Scientists say: End fossil fuel use now!

By CHRISTINE FRANK

In a recent climate study published by James Hansen and 16 colleagues, the world was warned that two degrees of warming could lead to a rapid, catastrophic melting of land-based ice sheets and a sea-level rise of three meters or 10 feet in 50 years if fossil fuel combustion does not cease immediately. That large a rise in sea level would flood most coastal cities and render them uninhabitable, forcing millions of people to flee inland.

The report was released four months before the UN climate summit in Paris, where nations are to formulate a binding agreement to reduce greenhouse gas emissions to mitigate climate change, which is reaching runaway proportions.

Hansen and his team are convinced that the warming limit of two degrees Celsius, which was decided upon with no scientific basis whatsoever, is a formula for ecological disaster and economic collapse.

With warming of only 0.9 degrees Celsius above pre-industrial levels, there is already an enormous loss of the planet’s ice masses, with widespread effects on natural and human systems—weather, species behavior and biodiversity, food production, water resources, and health.

It is a crime to cultivate the delusion that we can adapt to climate change while continuing to burn hydrocarbons for the sake of convenience and the private profit of the Carbon Barons.

Low-lying, small-island nations have long demanded a one-degree Celsius limit, whereas, a total of 100 nations support a ceiling of 1.5. So then, what should it be?

Looking at paleoclimatic evidence from the warm interglacial period prior to this one, the researchers found that sea levels rose five to nine meters while the global temperature was less than one degree centigrade warmer than today.
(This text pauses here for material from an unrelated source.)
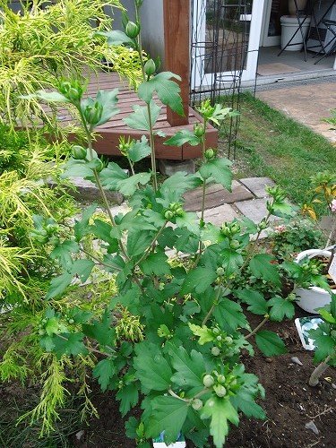 ムクゲです。もう少ししたら咲いてきそうですよ。この時期お花が少な...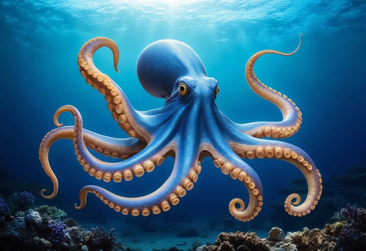 Sometimes, the octopus pretends to be a plant. It might stretch out its arms to look like seaweed moving in the water. This clever disguise keeps it safe from animals that might want to eat it.

We must remember that the human climate forcing of fossil-fuel combustion is much stronger than that of the natural alterations in Earth’s orbit and axial tilt, which are what influenced the flux and flow of the great ice masses of the past.

The study also draws upon geological evidence in the Bahamas that powerful storms in the North Atlantic were caused by increased temperature, pressure, and moisture gradients as the planet warmed and the ice melted. In addition, a good deal of the paper focuses on how the Gulf Stream that warms Britain and Western Europe was shut down in ancient times due to the injection of freshwater from melting land ice that dramatically changed seawater salinity and affected the thermo-haline circulation of the ocean.

Both of these conditions could be repeated if Earth’s energy imbalance—more heat trapped by greenhouse gases, with consequently less being released into space—is not corrected soon.

The main thing to understand as we get close to the Paris summit is that greenhouse gas emissions have risen 2.6% per year since 2000, compared with 1.5% from 1973-2000. Turning the atmosphere into a waste dump for carbon pollution has led to carbon dioxide concentrations of 400 parts per million, over 40% more than pre-industrial levels.

When we consider that paleoclimate CO2 of 450 ppm was enough to melt most of Antarctica, and that current growth rates have more than doubled since the 1960s, we are perilously close to an irreversible cataclysm. That is why Hansen declared an overshoot several years ago when he maintained that atmospheric concentrations over 350 ppm are too high, hazardously so, and called for a drawdown to 350 or lower.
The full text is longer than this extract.